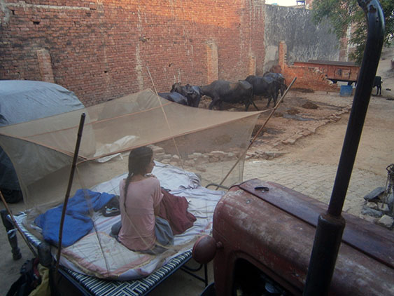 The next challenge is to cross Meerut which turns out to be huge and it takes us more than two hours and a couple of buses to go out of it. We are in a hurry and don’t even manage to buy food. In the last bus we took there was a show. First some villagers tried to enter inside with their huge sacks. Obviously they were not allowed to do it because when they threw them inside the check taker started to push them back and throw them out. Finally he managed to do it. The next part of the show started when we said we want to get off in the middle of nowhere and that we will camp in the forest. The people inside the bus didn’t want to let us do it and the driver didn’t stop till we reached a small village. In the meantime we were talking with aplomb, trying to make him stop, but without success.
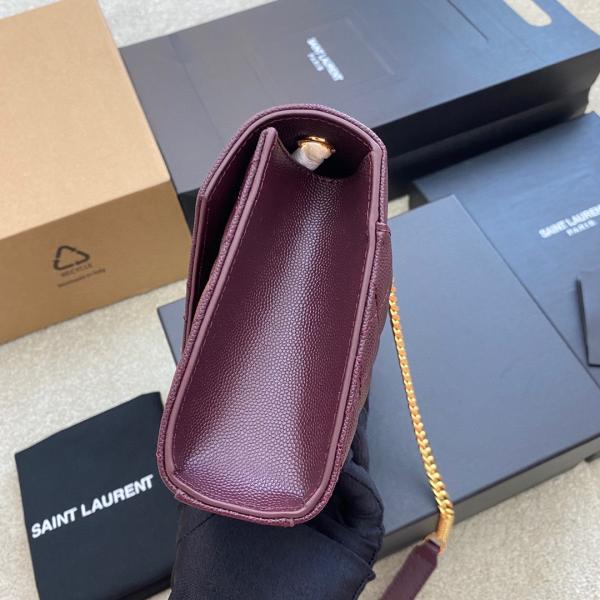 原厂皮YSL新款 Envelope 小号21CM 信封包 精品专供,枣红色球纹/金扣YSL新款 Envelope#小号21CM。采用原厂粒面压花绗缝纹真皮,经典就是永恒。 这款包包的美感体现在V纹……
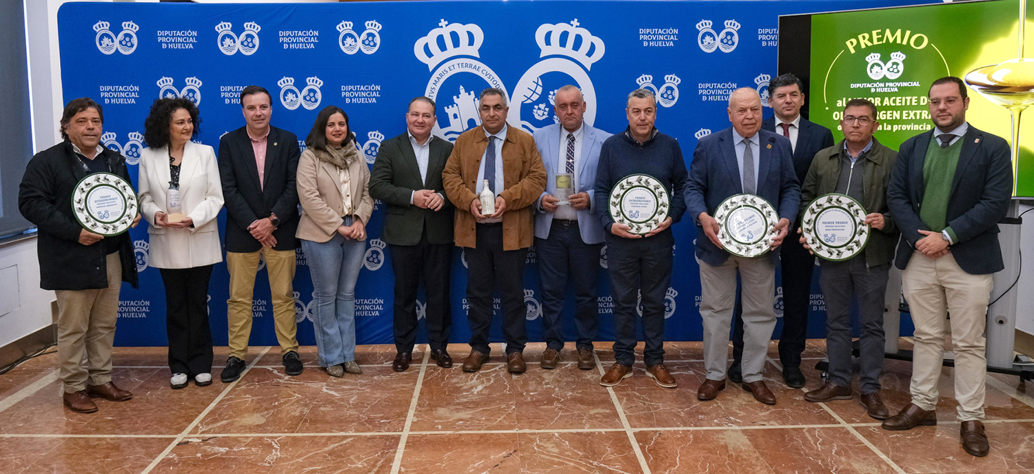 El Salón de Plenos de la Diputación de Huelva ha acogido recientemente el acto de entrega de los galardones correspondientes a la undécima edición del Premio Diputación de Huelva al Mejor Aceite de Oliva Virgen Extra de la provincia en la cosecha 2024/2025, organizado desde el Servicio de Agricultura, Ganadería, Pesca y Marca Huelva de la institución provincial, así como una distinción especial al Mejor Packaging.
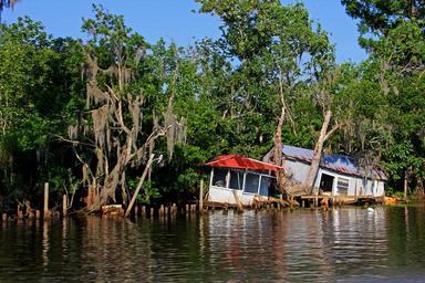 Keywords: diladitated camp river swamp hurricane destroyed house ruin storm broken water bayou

==

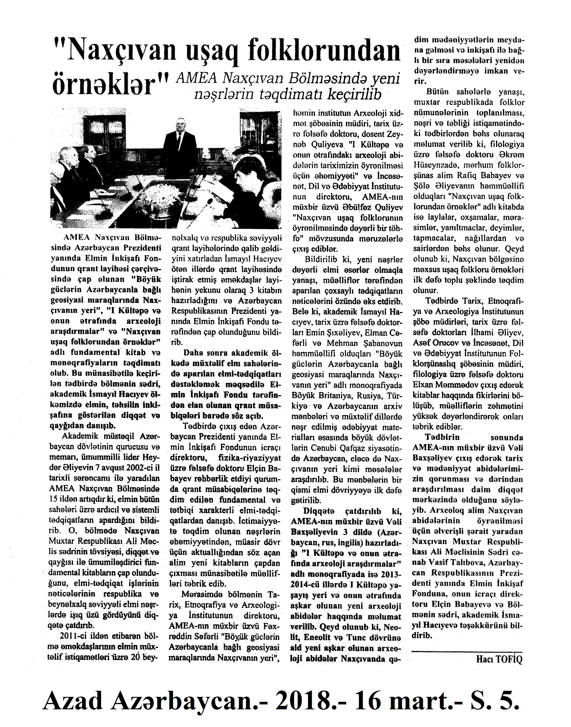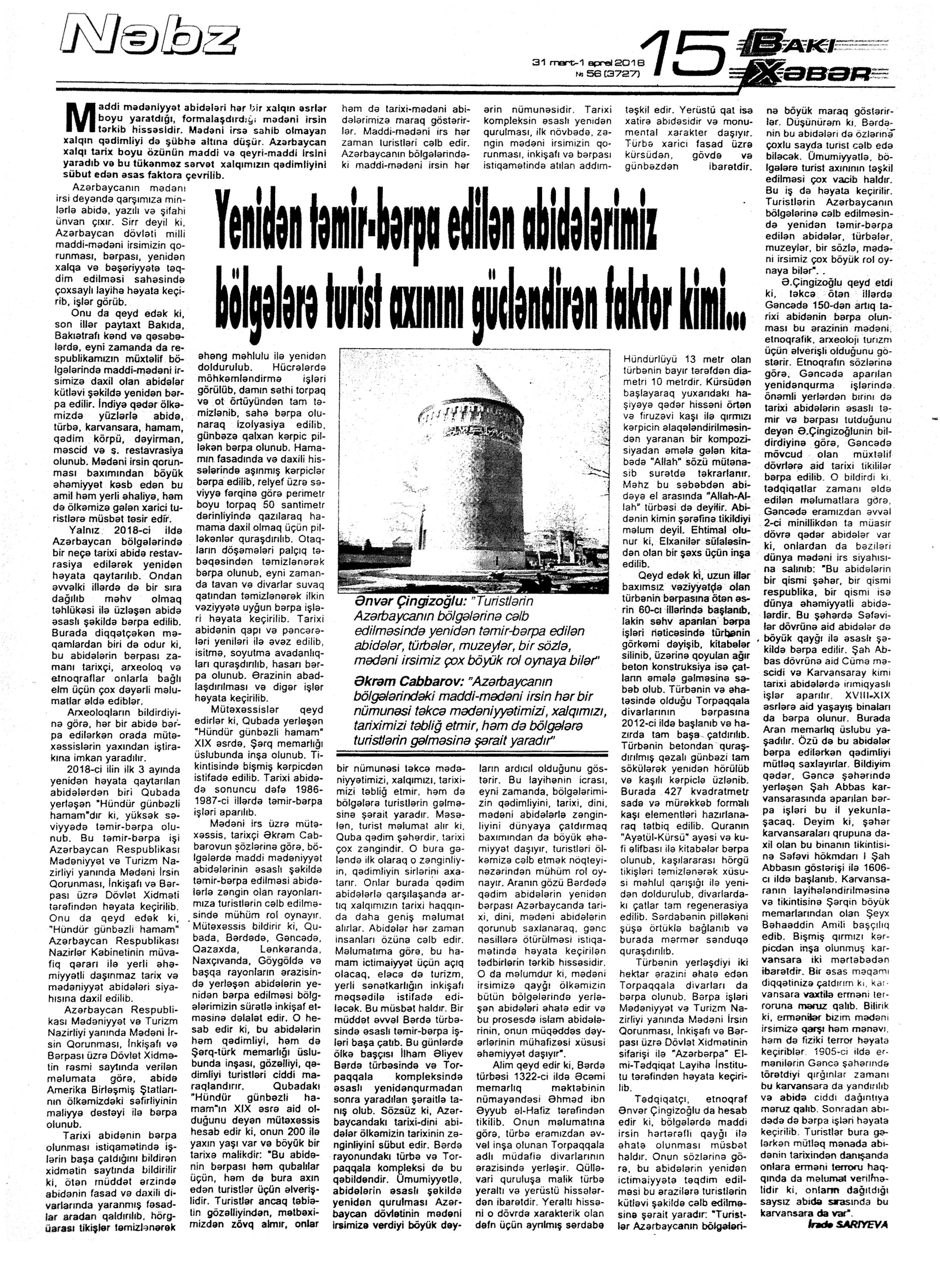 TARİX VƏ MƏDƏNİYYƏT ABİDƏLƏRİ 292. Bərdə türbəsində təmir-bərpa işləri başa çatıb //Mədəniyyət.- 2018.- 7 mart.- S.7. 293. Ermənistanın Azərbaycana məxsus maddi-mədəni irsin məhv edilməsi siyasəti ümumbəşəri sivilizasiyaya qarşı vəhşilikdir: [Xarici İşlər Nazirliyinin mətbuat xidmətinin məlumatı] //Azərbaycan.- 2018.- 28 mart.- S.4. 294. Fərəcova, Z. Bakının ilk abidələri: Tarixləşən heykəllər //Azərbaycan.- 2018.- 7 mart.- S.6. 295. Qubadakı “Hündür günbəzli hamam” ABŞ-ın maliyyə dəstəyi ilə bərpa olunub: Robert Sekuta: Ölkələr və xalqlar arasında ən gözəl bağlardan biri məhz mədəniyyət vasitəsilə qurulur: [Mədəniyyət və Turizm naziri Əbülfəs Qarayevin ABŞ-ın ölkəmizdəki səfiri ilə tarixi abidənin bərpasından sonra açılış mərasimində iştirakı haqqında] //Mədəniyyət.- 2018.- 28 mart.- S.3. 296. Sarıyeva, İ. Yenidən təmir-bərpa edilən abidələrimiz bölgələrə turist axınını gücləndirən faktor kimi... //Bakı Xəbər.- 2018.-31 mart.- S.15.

TO DO —
Would you please repeat only the lines above, beginning at the one that has "El Salón de" and stopping after the one that has "Keywords: diladitated camp", exactly and with no pictures?

RESPONSE TO THIS TASK —
 El Salón de Plenos de la Diputación de Huelva ha acogido recientemente el acto de entrega de los galardones correspondientes a la undécima edición del Premio Diputación de Huelva al Mejor Aceite de Oliva Virgen Extra de la provincia en la cosecha 2024/2025, organizado desde el Servicio de Agricultura, Ganadería, Pesca y Marca Huelva de la institución provincial, así como una distinción especial al Mejor Packaging.
 Keywords: diladitated camp river swamp hurricane destroyed house ruin storm broken water bayou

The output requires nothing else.